Eckstein wore a garment that I’d never seen before, and rarely enough since – a suède waistcoat. He took snuff, tapping the yellowish powder onto a mysterious hollow which appeared at the base of his thumb when he contorted it in a particular way. Then he sharply sniffed up the soft clod of powder. Eckstein kept a hanky handy for the inevitable sneezes, but even so his waistcoat became encrusted with grains and stains. Suède seemed to be a material perfectly chosen to welcome into its nap a mist of volatilised mucus suspending particles of ground tobacco. The flecked waistcoat and his snuff habit gave him a spicy smell, like gingerbread gone wrong. Perhaps Eckstein thought his snuffbox and waistcoat made him seem like an English gentleman rather than a startling exotic – but what would an English gentleman have been doing on the staff of Burnham Grammar? Such a person would have been no less exotic than Eckstein himself.

Eckstein made a point of being stern and abrasive and rude, but I wasn’t going to let a little thing like that deter me from getting into
his good books. After his lesson one day, I apologised for how poor my German was, how deficient my general education. This sort of performance I knew to be foolproof: build yourself up and the world will rush to tear you down, but if you tear yourself down the rush is all the other way, to make repairs. Except that Eckstein had not signed up to this convention. He glared and said, ‘Indeed. Your German is appalling, as are most things about you. You’ll never be much good at it unless you can get yourself to Germany somehow and stay there for a year, a season at the least. A horrible country in many ways, but the only place that foolish English boys can be stripped of their bleat of an accent.’

I tried to take this in my stride, telling myself that the compliments when they came would be sweeter for the wait. Buttering people up had always been my bread and butter, and I wasn’t going to be cured of the habit just because I’d been fed a mouthful of dry crumbs. ‘I’ll try my hardest, sir. And sir? Since
Ecke
is the German word for corner and
Stein
is the German for stone, perhaps you, Mr Eckstein, will be the cornerstone of my German education?’ I had been practising this little aria of flattery for days.
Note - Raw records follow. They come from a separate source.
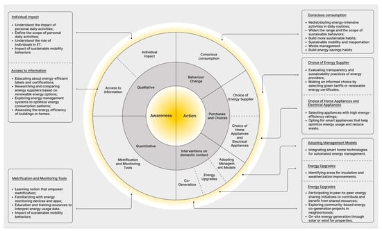 The first criterion (awareness) encompasses a qualitative understanding of one’s impact and energy information and a quantitative evaluation of energy usage in daily activities via metrification and monitoring tools. On the other hand, the second criterion (action) is based on the concept that individual actions can manifest via various dimensions, including changes in consumption behaviours, transitions towards more sustainable energy suppliers, the purchase of energy-efficient appliances, interventions in houses and domestic contexts such as smart energy management, and improvements in insulation and renewable energy generation.
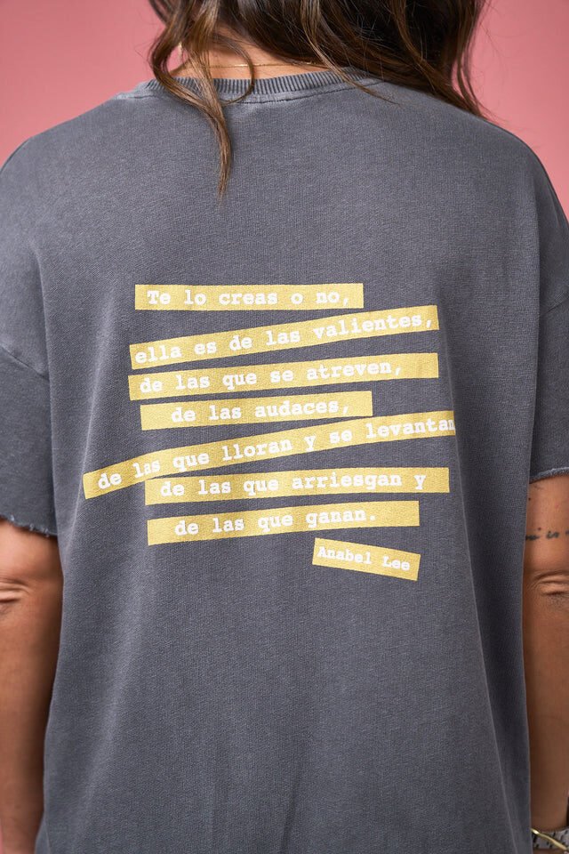 En la parte delantera, el maxi print se convierte en el centro de atención, mientras que en la espalda destaca una frase inspiradora en glitter dorado: “Te lo creas o no, ella es de las valientes, de las que se atreven, de las audaces, de las que lloran y se levantan, de las que arriesgan y de las que ganan.” Un mensaje poderoso que convierte este vestido en mucho más que una prenda, en toda una declaración de identidad.
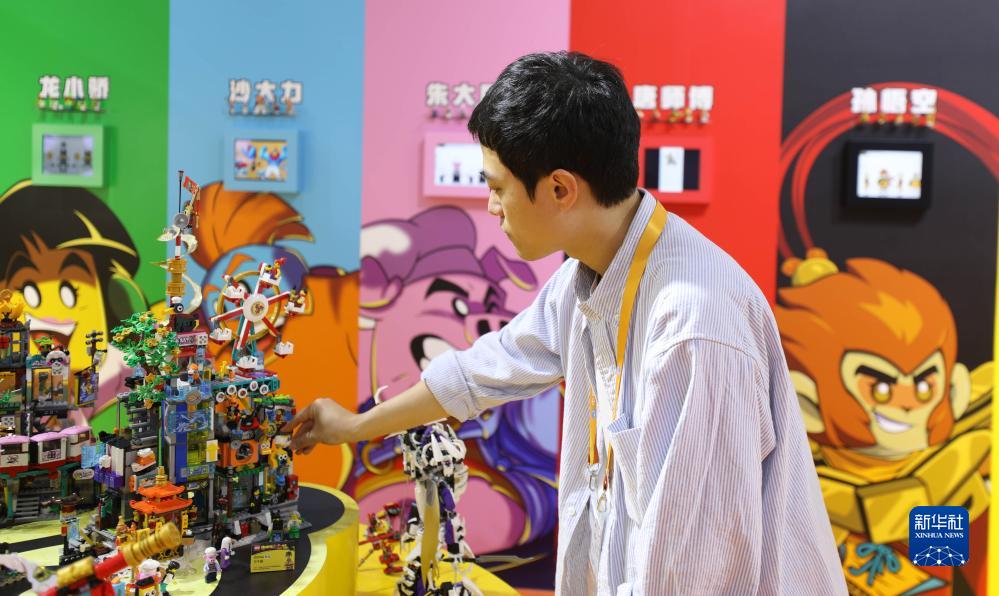 11月6日,在第六屆進(jìn)博會(huì )消費品展區樂(lè )高集團展臺,樂(lè )高設計師溫笑冬介紹其參與設計并在本屆進(jìn)博會(huì )首發(fā)的樂(lè )高悟空小俠萬(wàn)千城玩具套裝。

He gave a grunt. ‘Not unless you dig down into the rubble of what you think you know, and lay some proper foundations. Your accent is
execrable
.’ I knew it could hardly be so bad, since the native tones of Gisela Schmidt, star physiotherapist of CRX, throbbed behind every syllable, but I had to salute the mileage Eckstein got from the packed consonants of his chosen adjective. ‘You’ll never be any good unless you can get yourself to Germany and stay there until it all sinks in.’ He didn’t acknowledge with his tone that there could be any excuse but laziness for my not heading immediately to Germany, and getting stuck in to the sort of
Deutsches Leben
they don’t tell you about in
Deutsches Leben
or any other book, German Life away from the page.
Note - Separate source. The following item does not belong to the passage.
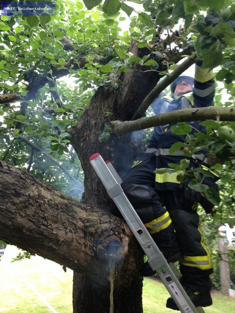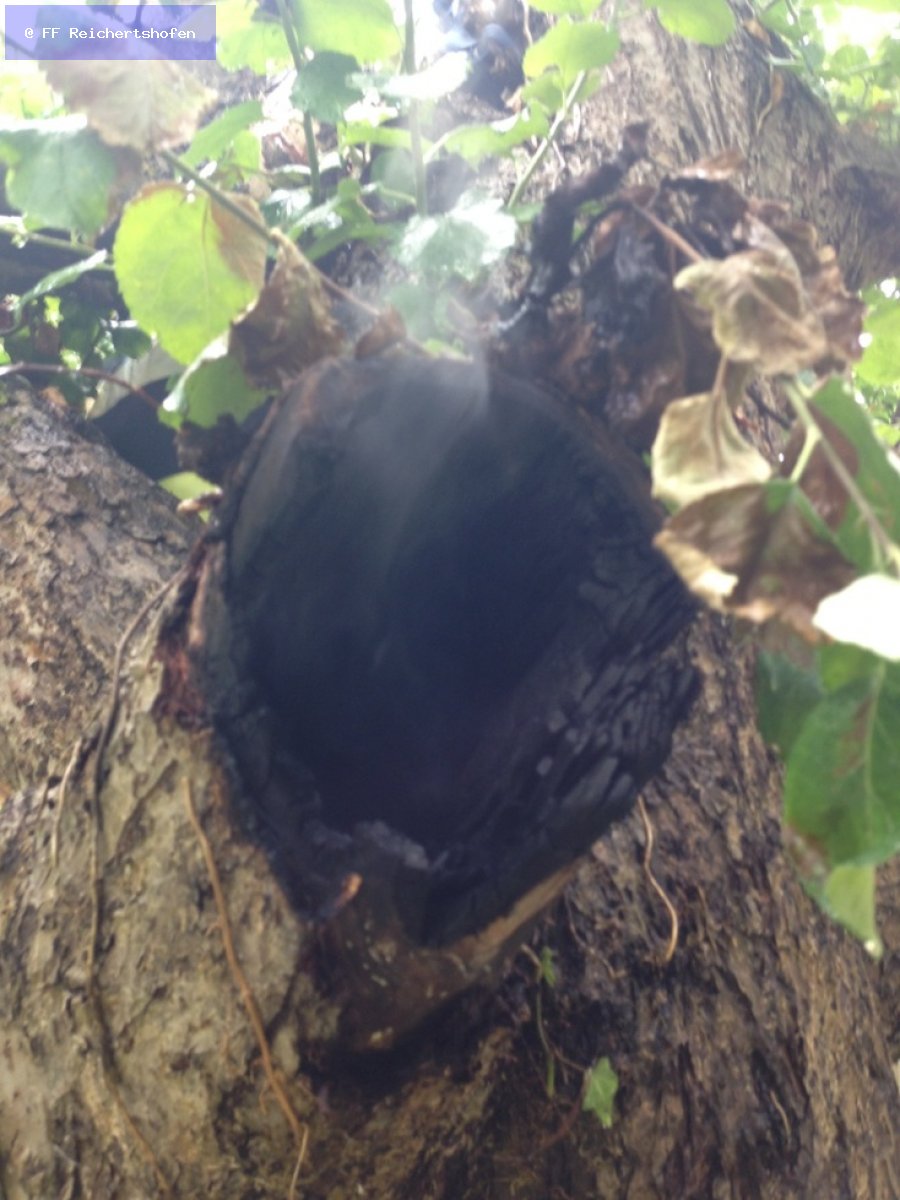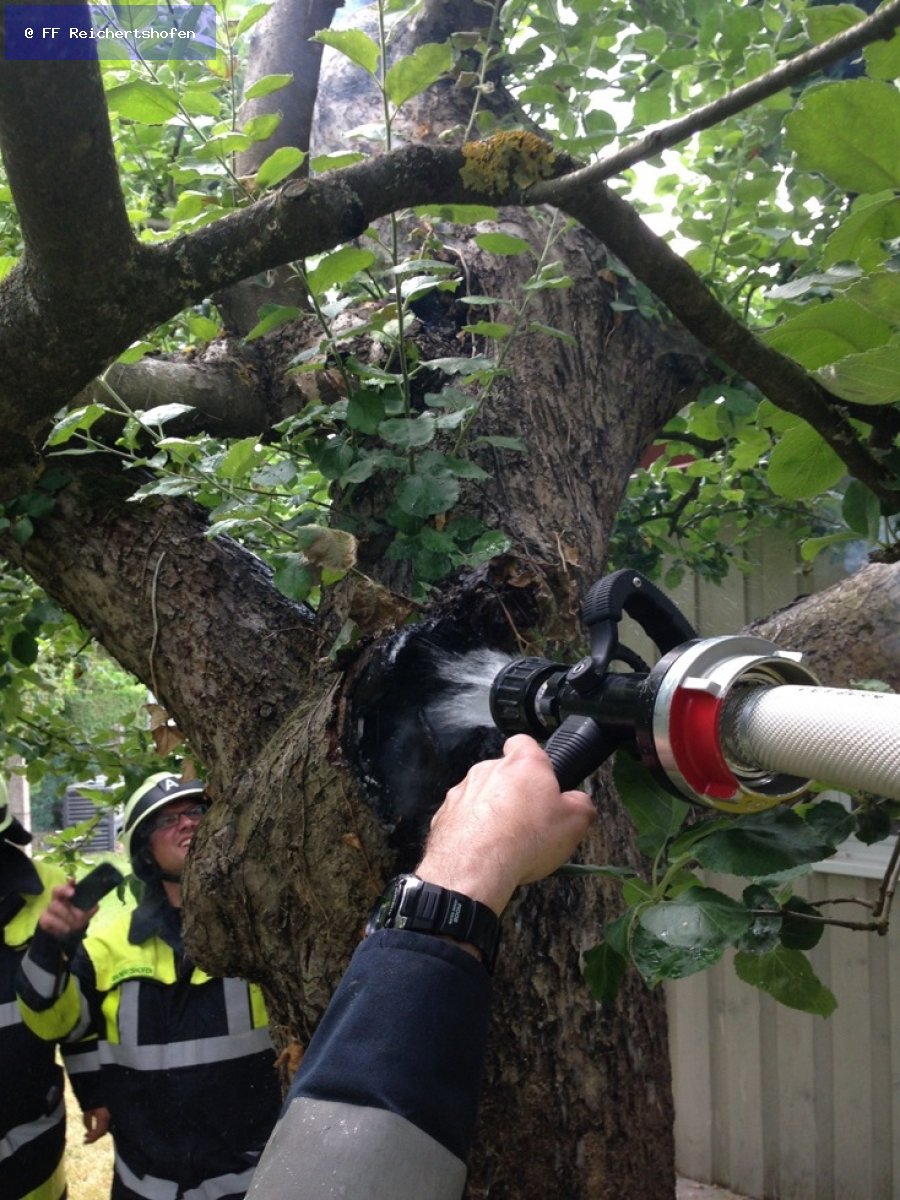 Zu einem ungewöhnlichen Brand wurde die Feuerwehr Reichertshofen in die Münchener Straße gerufen. Dort brannte ein Apfelbaum. Dieser brannte aber nicht an den derzeit sehr trocknen Blättern, sondern im Inneren des Stammes. Aus allen "Astlöchern" oder abgesägten Stumpfen rauchte der Baum bzw. brannte es heraus.

Eckstein belonged to a strange category of teacher, those who can frogmarch pupils to excellence without ever sullying their mouths with a single word of praise. One of his tricks was to say to a pupil, ‘With all due respect,’ adding with no change of tone: ‘which is none.’ Following up a standard piece of wheedling good manners with some bad manners all his own. He was extremely unpopular. I loved him from the first.

One bit of regression connected with living at home was my lack of bathroom discipline. I can’t fault the National Health Service, which provided me with some equipment at about this time, by paying for a wheeled commode made to my measure. I even remember the name of the man who made it, a Mr Heard. After the trouble he went to, it’s only right to commemorate him. It was such a pleasure to have something that really was tailored to my requirements – even NHS hips seemed to be off the peg. I wish Mr Heard had made those! But I was happy enough with my trolley upholstered in maroon leatherette.